[Working data]
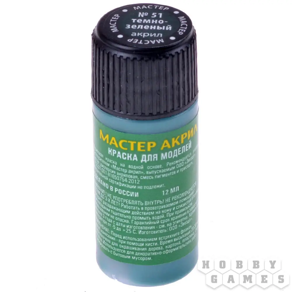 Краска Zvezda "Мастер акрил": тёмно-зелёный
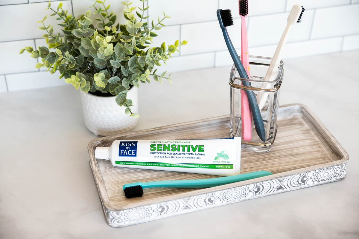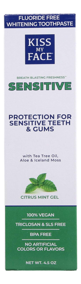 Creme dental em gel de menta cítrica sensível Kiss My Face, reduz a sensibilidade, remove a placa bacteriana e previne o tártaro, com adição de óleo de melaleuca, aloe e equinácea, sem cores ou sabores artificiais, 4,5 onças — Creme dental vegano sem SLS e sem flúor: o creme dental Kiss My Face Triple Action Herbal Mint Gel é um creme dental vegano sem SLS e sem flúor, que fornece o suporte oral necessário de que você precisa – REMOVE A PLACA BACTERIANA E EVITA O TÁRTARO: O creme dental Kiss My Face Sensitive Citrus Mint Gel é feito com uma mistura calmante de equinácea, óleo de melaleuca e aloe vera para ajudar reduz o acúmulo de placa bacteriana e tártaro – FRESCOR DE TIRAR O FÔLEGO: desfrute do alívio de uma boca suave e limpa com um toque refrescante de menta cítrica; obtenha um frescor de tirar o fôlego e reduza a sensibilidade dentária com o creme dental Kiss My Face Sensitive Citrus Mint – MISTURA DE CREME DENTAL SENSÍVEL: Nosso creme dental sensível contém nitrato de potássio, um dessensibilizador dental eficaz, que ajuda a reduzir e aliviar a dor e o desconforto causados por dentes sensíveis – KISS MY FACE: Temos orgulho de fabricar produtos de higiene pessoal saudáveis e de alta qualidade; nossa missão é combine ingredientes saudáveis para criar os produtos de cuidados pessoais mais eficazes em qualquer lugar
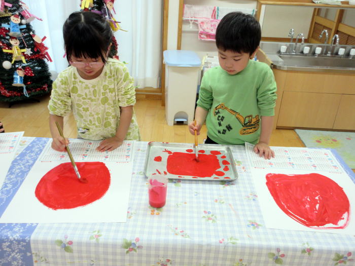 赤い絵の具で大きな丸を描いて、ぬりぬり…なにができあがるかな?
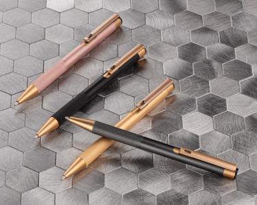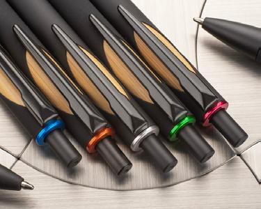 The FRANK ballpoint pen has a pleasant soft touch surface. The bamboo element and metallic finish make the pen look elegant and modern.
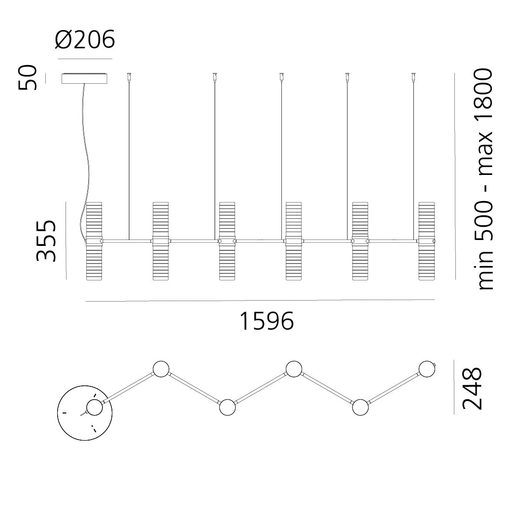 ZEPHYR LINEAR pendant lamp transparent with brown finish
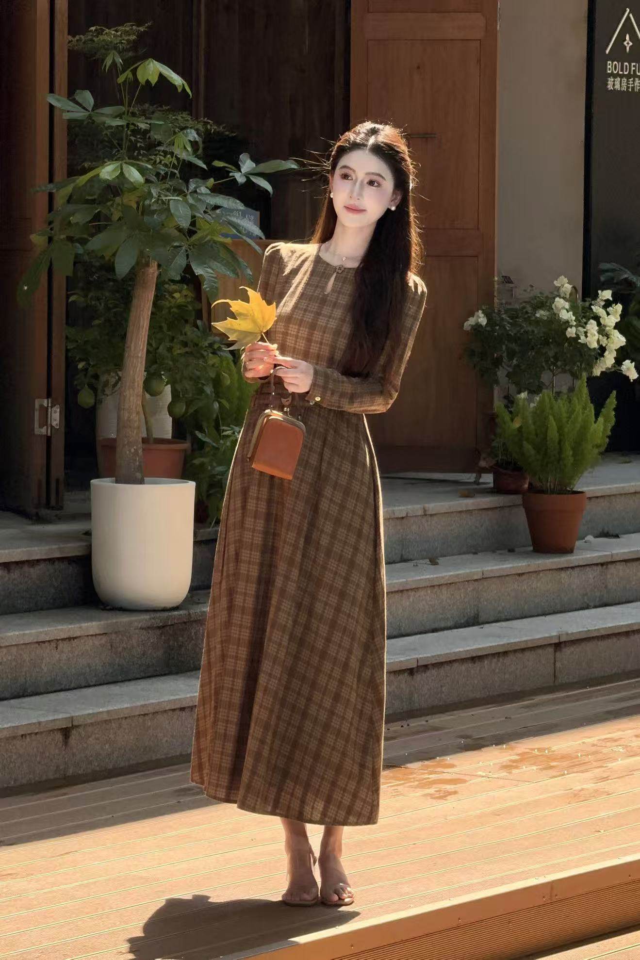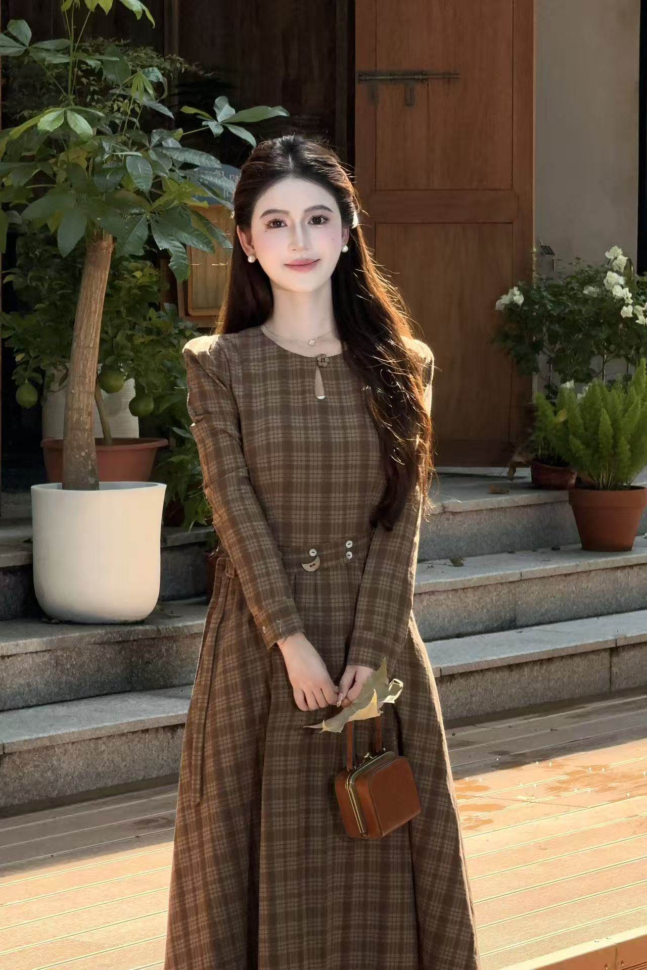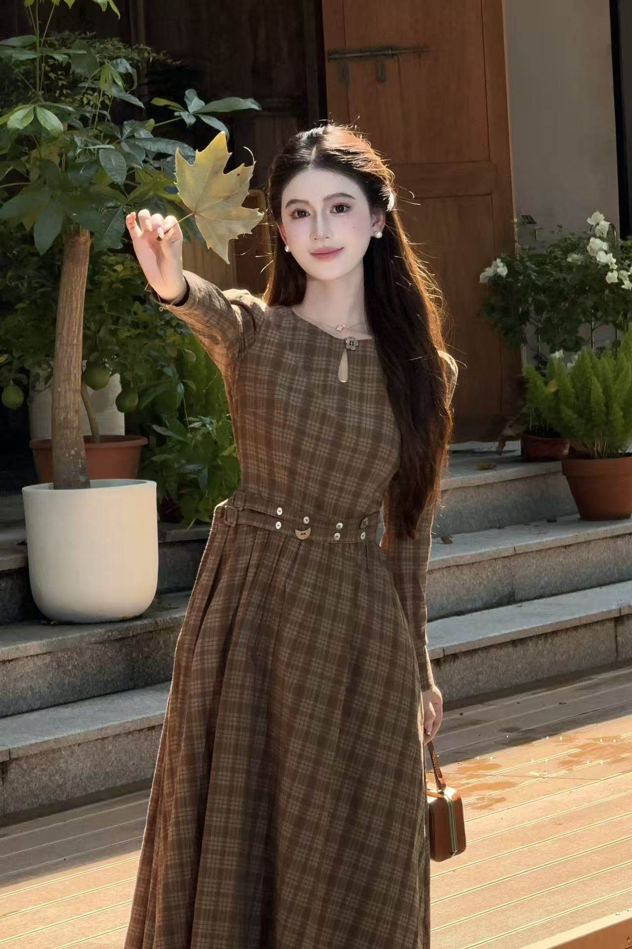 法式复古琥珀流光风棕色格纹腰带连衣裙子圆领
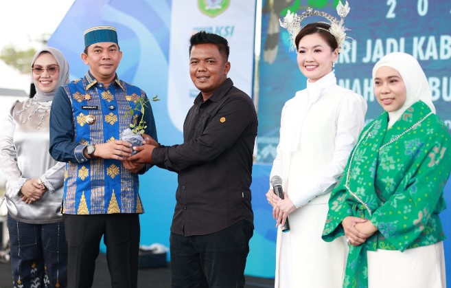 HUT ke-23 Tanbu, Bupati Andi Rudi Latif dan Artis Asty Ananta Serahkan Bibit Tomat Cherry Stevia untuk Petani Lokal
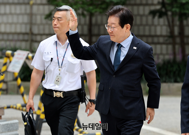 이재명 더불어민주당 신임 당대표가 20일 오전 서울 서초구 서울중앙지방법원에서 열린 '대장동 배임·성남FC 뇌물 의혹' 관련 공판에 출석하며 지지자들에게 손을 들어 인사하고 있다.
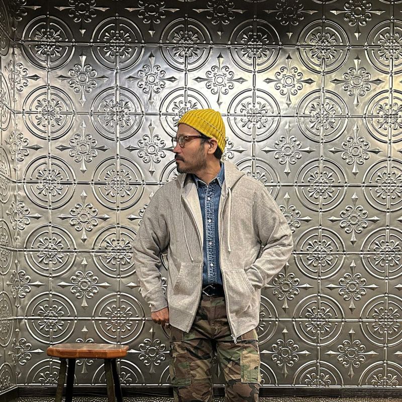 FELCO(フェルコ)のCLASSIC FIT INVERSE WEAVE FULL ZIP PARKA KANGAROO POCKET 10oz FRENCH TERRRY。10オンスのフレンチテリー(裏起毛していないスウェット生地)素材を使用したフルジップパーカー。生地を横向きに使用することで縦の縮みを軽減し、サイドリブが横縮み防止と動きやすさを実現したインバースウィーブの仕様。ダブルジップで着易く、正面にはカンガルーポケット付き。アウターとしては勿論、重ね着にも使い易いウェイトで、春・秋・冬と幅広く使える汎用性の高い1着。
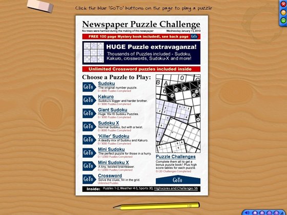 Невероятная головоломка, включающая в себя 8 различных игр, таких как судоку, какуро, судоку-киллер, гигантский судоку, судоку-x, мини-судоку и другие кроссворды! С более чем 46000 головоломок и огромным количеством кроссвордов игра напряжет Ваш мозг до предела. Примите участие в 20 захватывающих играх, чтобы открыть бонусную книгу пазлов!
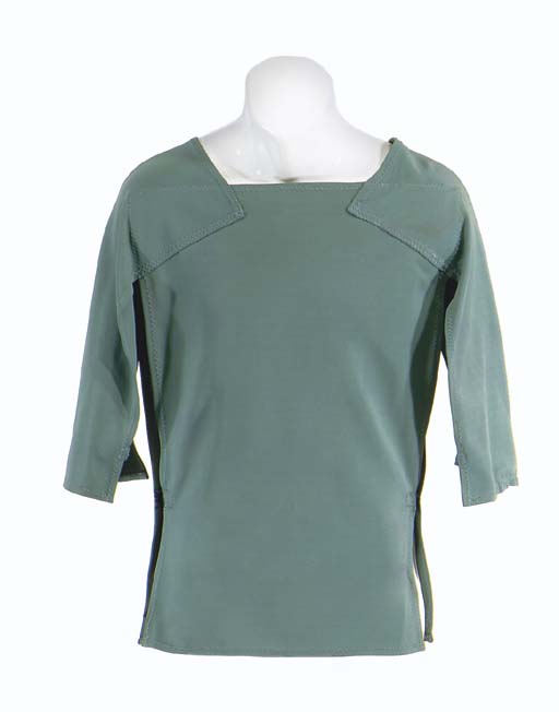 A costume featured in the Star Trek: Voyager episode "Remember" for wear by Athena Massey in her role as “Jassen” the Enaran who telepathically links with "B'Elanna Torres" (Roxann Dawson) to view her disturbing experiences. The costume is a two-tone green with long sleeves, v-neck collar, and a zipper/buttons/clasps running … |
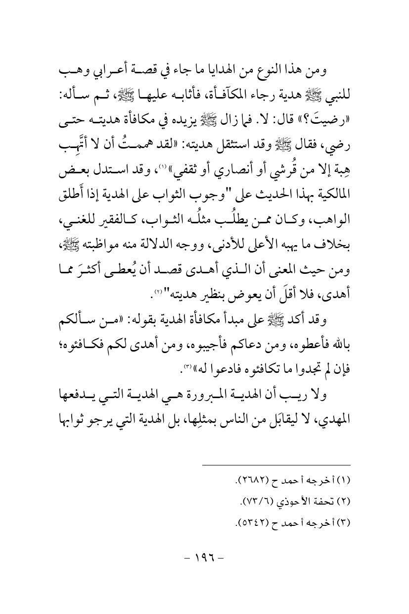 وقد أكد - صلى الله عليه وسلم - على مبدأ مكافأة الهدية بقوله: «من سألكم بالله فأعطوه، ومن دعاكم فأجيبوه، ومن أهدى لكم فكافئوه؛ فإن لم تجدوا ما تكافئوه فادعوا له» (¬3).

[What you should do]
Go to the line above that contains "HUT ke-23 Tanbu, Bupati" and reproduce everything exactly from there through the line that contains "이재명 더불어민주당 신임", leaving out the pictures.

[Task response]
 HUT ke-23 Tanbu, Bupati Andi Rudi Latif dan Artis Asty Ananta Serahkan Bibit Tomat Cherry Stevia untuk Petani Lokal
 이재명 더불어민주당 신임 당대표가 20일 오전 서울 서초구 서울중앙지방법원에서 열린 '대장동 배임·성남FC 뇌물 의혹' 관련 공판에 출석하며 지지자들에게 손을 들어 인사하고 있다.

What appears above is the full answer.